Idol Worship


Idols are falling before us right and left, particularly in the grotesquely skewed reality which governs the world of sports. Sadly they are too many to number, but those most celebrated in these ranks include O.J. Simpson, Pete Rose, Lance Armstrong, Tiger Woods, Joe Paterno, Oscar Pistorius, and stars in the pantheon of professional soccer who have yet to be named.

Focusing on the Pistorius, the excitable British press has one of the better stories on the phenomenon, whose title reads in part "another fallen idol mocks our hunger for demi-gods."

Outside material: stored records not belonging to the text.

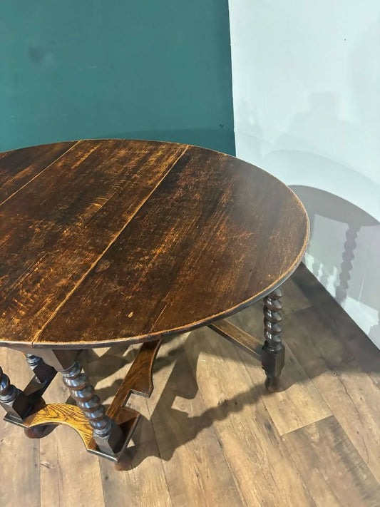 Vintage Dark Oak Gate-leg Table On Barley Twist Supports
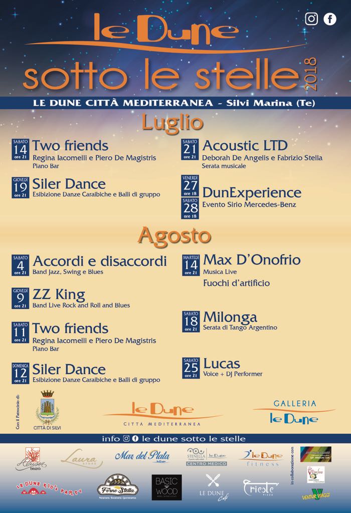 Ancora un appuntamento nel calendario delle serate di intrattenimento, cultura e spettacolo “Le Dune sotto le stelle” a Silvi. Alle 21 il concerto di Acoustic Ltd, il progetto musicale acustico ideato da Fabrizio Stella e Debora De Angelis che porta sul palco cover acustiche di famosi brani nazionali ed internazionali.
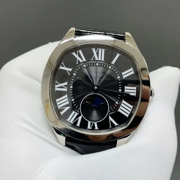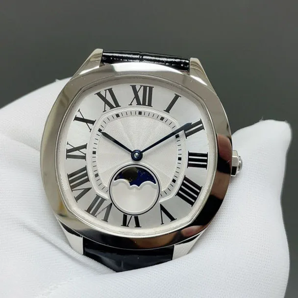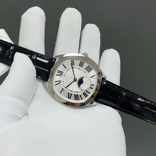 Luxury High-quality Men's Mechanical Watch White Dial Stainless Steel case Genuine Leather Strap Automatic Classic Retro Watches

"To an extent," that story in the Independent reads, "we elevate every sporting idol above real life no less artificially than do the blades of Pistorius. It is pointless, plainly, to ask whether this same catastrophe might have been avoided by its protagonists if they instead began Valentine's Day, say, frying eggs and washing up in a diner. But other lives have certainly unravelled -- if not in quite so shocking and bloody a way -- when those we should celebrate only in one, limited dimension have been seduced into believing our own publicity."

Seduced is a good word in this context, for it is we who are seduced time and again by the idol of achievement that we deem to be superhuman and, in a very real sense, the idols themselves who are victimized by our seduction. Faster, higher, stronger -- we idolize those very abilities that we ourselves can never hope to possess. We worship everything that we are not.

The theological problem here has two facets.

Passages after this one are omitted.